Extracted records:
======
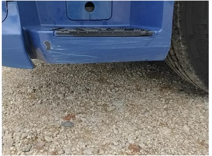
4: General Exterior Soiled Light
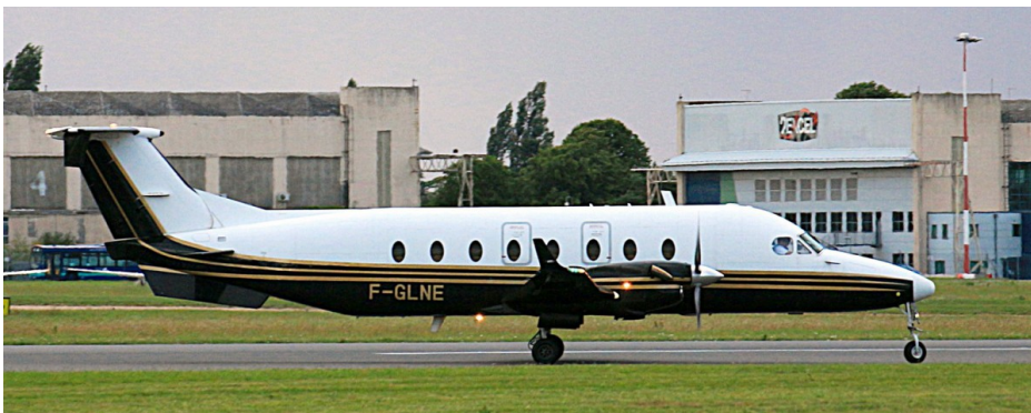
F-GLNE Beech 1900D Twin Jet 27/09

29th UK67002 Boeing 767-300ER Uzbekistan Cargo Airlines (F) 30th TF-AMU Boeing 747-400 Air Atlanta Icelandic Astral Aviation (F) 30th TF-AAL Boeing 747-400 Air Atlanta Icelandic. Medical PPE (F) 30th G-WUKH Airbus A-321 Wizz Air UK. Dep. from storage 30th G-WUKI Airbus A-321 Wizz Air UK. Dep. from storage 30th G-WUKJ Airbus A-321 Wizz Air UK. Dep. from storage. All Wizz Air now departed 30th G-TAWF Boeing 737-800 TUI Dep. from storage.
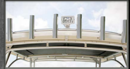
HARDTOP W/ OVERHEAD STORAGE
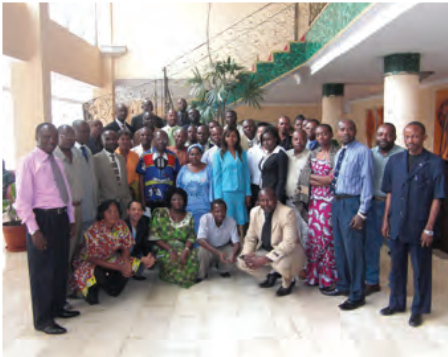
The Central Africa Sub-Regional Workshop on Defending Civil Society was held in Kinshasa, Democratic Republic of Congo - July 23–24, 2009.

bic, Chinese, French, Russian, and Spanish, at http://www.wmd.org/projects/defending-civil-society .
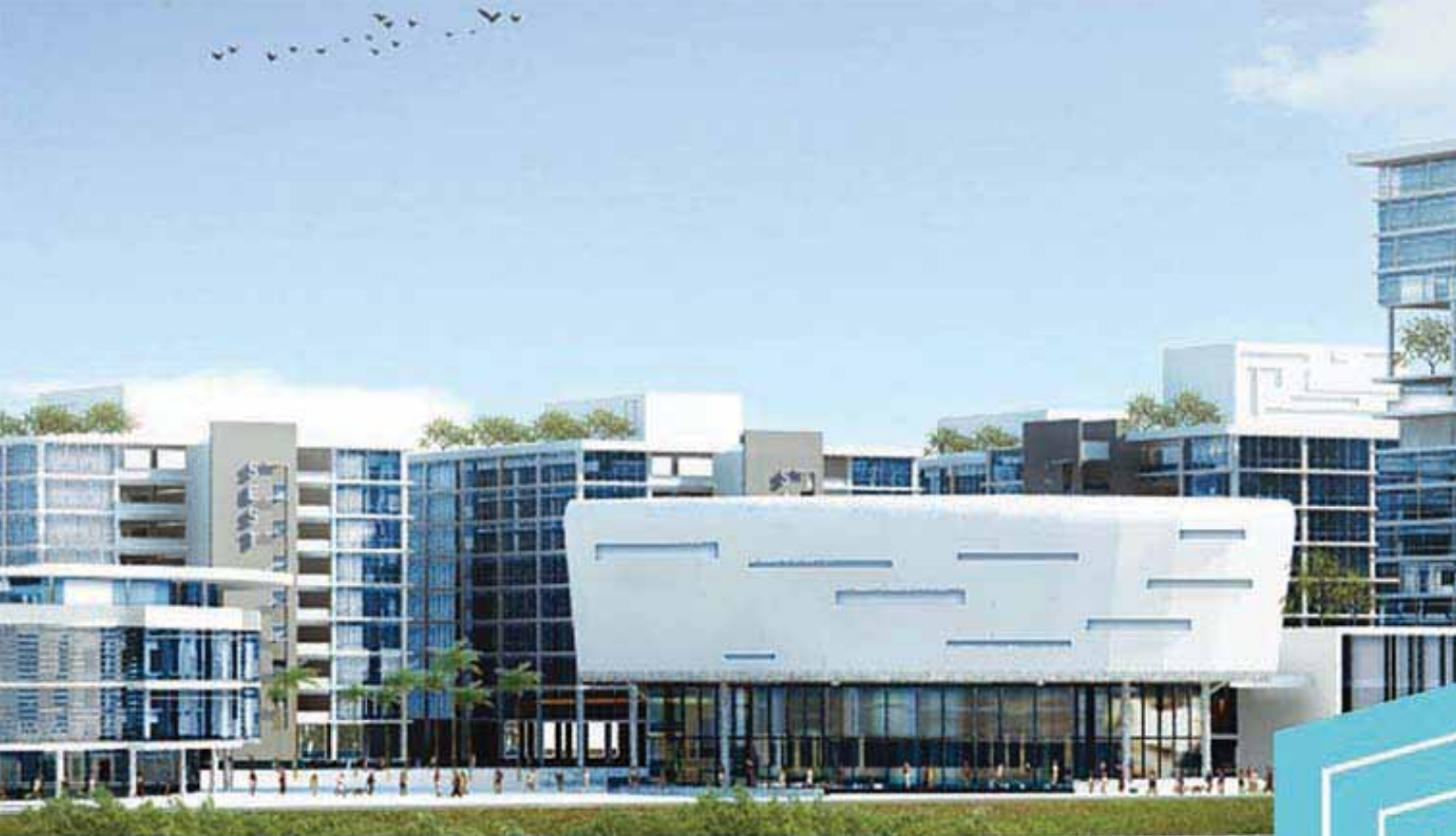
Artist impression of KDU University College Glenmarie campus. Scheduled for completion in 2014.
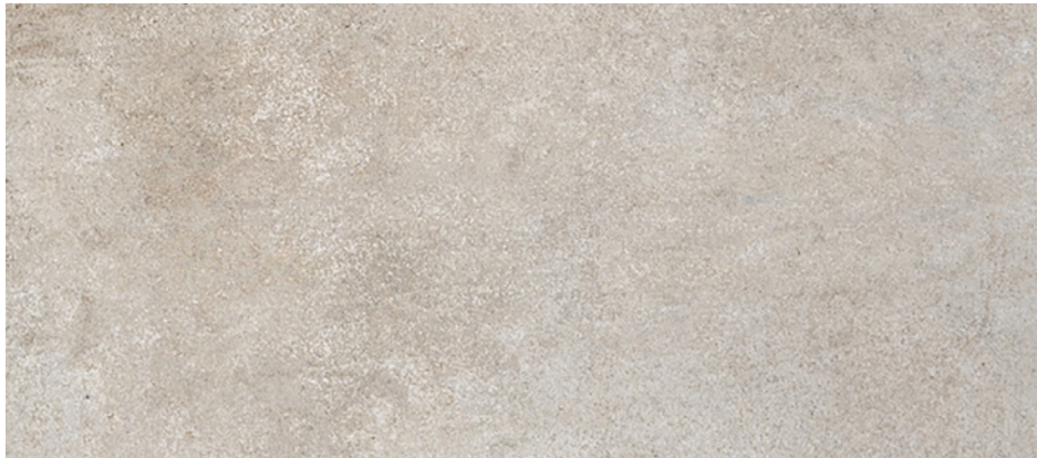
DXF SLE 02
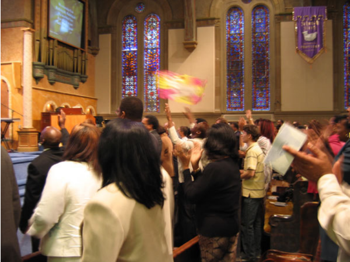
Illustration D.11 The average megachurch sanctuary seats 1,709 and uses multiple worship services—and often has conflicts with the local zoning board. Christ Church of Montclair, NJ , has 900 seats, runs four weekend services, and is locked in a three-year battle with a nearby township over expansion and relocation efforts (29 public hearings to date). Interestingly, this facility was built by a liberal church, the first parish pastored by Harry Emerson Fosdick who preached the widely circulated sermon, “Shall the Fundamentalists Win?” At this church facility, they did!
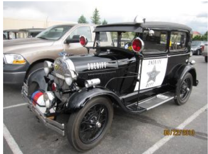
This one caught my eye in the parking lot, belongs to a Casper resident.
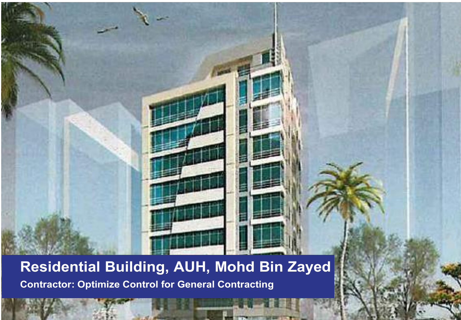
Residential Building, AUH, Mohd Bin Zayed Contractor: Optimize Control for General Contracting
======
**PROBLEM TO WORK ON**
The lines from the one with "The Central Africa" to the end of the data above should be retyped exactly, both ends included, and pictures are to be left out.

**FINISHED EXERCISE**
The Central Africa Sub-Regional Workshop on Defending Civil Society was held in Kinshasa, Democratic Republic of Congo - July 23–24, 2009.

bic, Chinese, French, Russian, and Spanish, at http://www.wmd.org/projects/defending-civil-society .
Artist impression of KDU University College Glenmarie campus. Scheduled for completion in 2014.
DXF SLE 02
Illustration D.11 The average megachurch sanctuary seats 1,709 and uses multiple worship services—and often has conflicts with the local zoning board. Christ Church of Montclair, NJ , has 900 seats, runs four weekend services, and is locked in a three-year battle with a nearby township over expansion and relocation efforts (29 public hearings to date). Interestingly, this facility was built by a liberal church, the first parish pastored by Harry Emerson Fosdick who preached the widely circulated sermon, “Shall the Fundamentalists Win?” At this church facility, they did!
This one caught my eye in the parking lot, belongs to a Casper resident.
Residential Building, AUH, Mohd Bin Zayed Contractor: Optimize Control for General Contracting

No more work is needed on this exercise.